Personal information
- Born: Breckenridge, Texas, U.S.

Career information
- College: Hardin–Simmons (1948–1950);

= John Ford (quarterback) =

American football quarterback

John "Model T" Ford is an American former college football player and coach. He played quarterback for the Hardin–Simmons Cowboys from 1948 to 1950. He led the Cowboys to victories in two bowl games and set a national single-season record with 26 touchdown passes in 1949. He later worked for over 30 years as a coach, including stints as the backfield coach for the Arizona Wildcats.

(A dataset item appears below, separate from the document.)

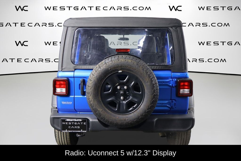 The Hydro Blue Pearlcoat exterior gives this Wrangler a bold and distinctive look, while the interior features comfortable cloth seats and a host of convenient features. The Uconnect 5 infotainment system with a large 12.3-inch display keeps you connected and entertained, with Apple CarPlay and Android Auto integration for seamless smartphone integration. The ParkView Rear Back-Up Camera makes it easy to maneuver in tight spaces, and the 8-speaker audio system provides high-quality sound.

==Football playing career==
Ford played quarterback for the Hardin–Simmons Cowboys from 1948 to 1950. As a sophomore, Ford led the 1948 Hardin–Simmons Cowboys football team to a 6–2–3 record, including victories in both the Shrine Bowl and the Camellia Bowl. As a junior in 1949, he twice threw five touchdown passes in a game (against and Loyola (CA)) and set a new national record with 26 touchdown passes in 11 games. As a senior in 1950, Ford ranked second in the nation in passing yards (1,777 yards) and fifth in total offense (1,720 yards). He was selected three times as the All-Border Conference quarterback. During his four years at Hardin-Simmons, Ford completed 313 of 552 pases for 4,186 yards and accounted for 366 points on 58 touchdown passes and three rushing touchdowns.

Ford signed a contract with the Philadelphia Eagles in March 1951, but he was considered too small and was released.

==Football coaching career==
Ford instead accepted a coaching position at Rotan High School in Rotan, Texas, in the fall of 1951. In July 1953, he was named backfield coach at the University of Arizona. He continued in coaching for over 30 years, including a position with Rio Hondo Junior College in Whittier, California.

==Later years and family==
Ford was inducted into the Hardin-Simmons Hall of Fame in 1984.

Ford's brother, Ken "Model A" Ford, also played quarterback at Hardin–Simmons.